Halian is seeking a highly skilledSenior Design Quality Engineerto join a leading global medical device business based in Kent. This is a fantastic opportunity to contribute to the development of life-saving technologies while ensuring compliance with international quality and regulatory standards.

Key Responsibilities
  • Lead quality assurance activities across product development and manufacturing.
  • Ensure compliance with ISO 13485, ISO 14971, 21 CFR Part 820, and other relevant standards.
  • Act as the Quality Core Team Member, embedding quality into every stage of product design and realisation.
  • Apply advanced quality tools including risk management, design controls, verification and validation, CAPA, and statistical analysis.
  • Support regulatory compliance efforts, including audit readiness and responses to global regulatory bodies.
  • Develop and maintain product risk management files in accordance with ISO 14971.
  • Collaborate with cross-functional teams to manage product changes, participate in design reviews, and support design transfers.

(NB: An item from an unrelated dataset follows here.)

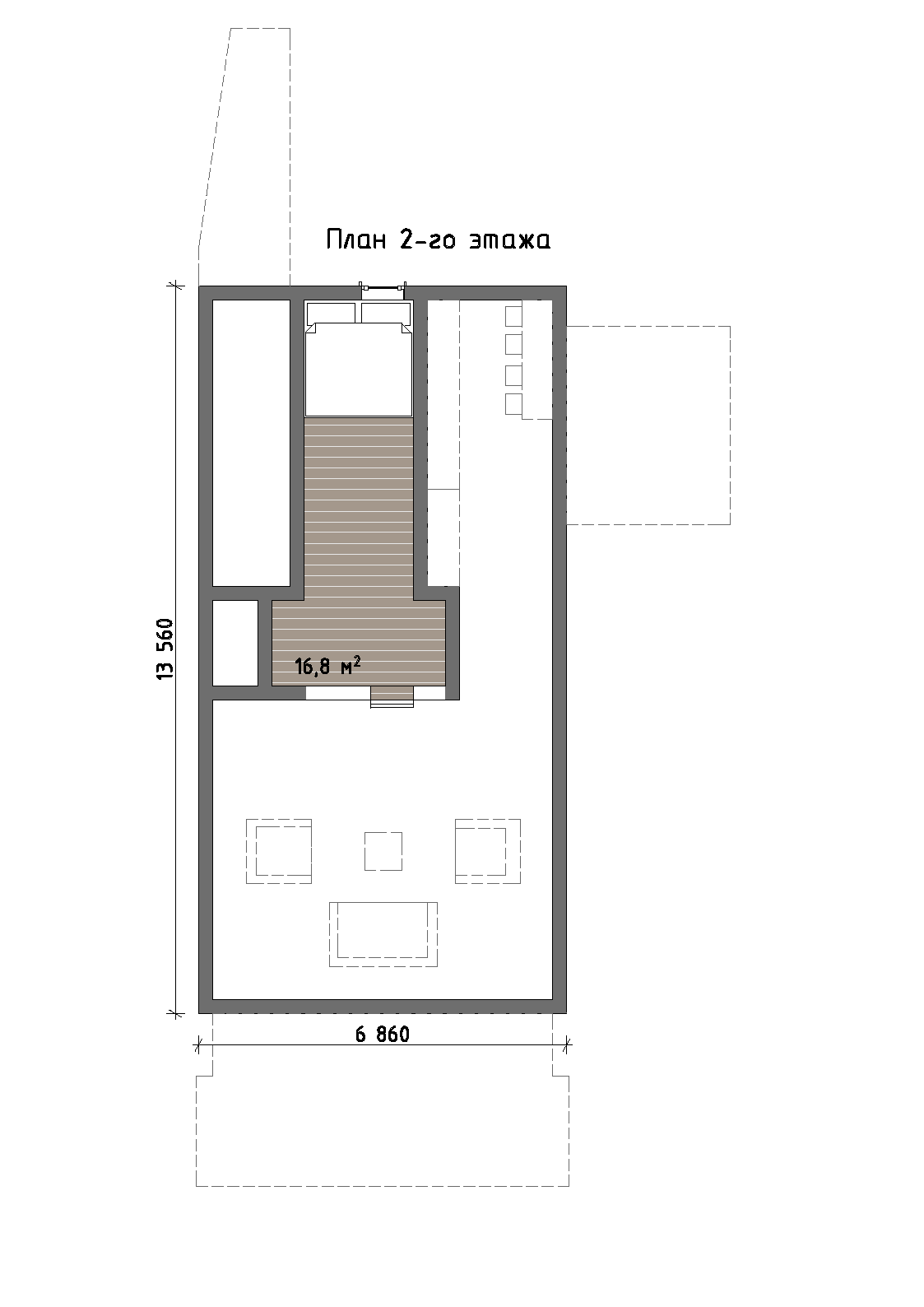 Второй уровень решён как приватная зона. Он включает спальню и дополнительное пространство, которое может использоваться как лаунж-зона или место для уединённого отдыха. Благодаря открытой геометрии и визуальной связи с первым этажом создаётся ощущение единого архитектурного объёма.

  • Monitor global product data to identify trends, risks, and opportunities for improvement.
  • Provide guidance on resolving on-market product issues and escalate critical concerns to senior leadership.
  • Contribute to special projects and continuous improvement initiatives.
Skills & Experience
  • Strong understanding of Quality Management Systems and their integration with risk management, CAPA, complaints, and document control.
  • In-depth knowledge of medical device regulations and standards.
  • Proven ability to conduct complex investigations and apply systems thinking across hardware, software, and consumables.
  • Analytical mindset with the ability to interpret data and identify patterns leading to actionable insights.
  • Effective collaboration with engineering and manufacturing teams.
Qualifications
  • Bachelors degree in Engineering (Electrical, Mechanical, Biomedical, Software) or a related field.
  • Minimum 7 years of experience in R&D or Quality within the medical device industry.
  • ASQ Certified Quality Engineer (CQE) certification required or must be obtained within one year.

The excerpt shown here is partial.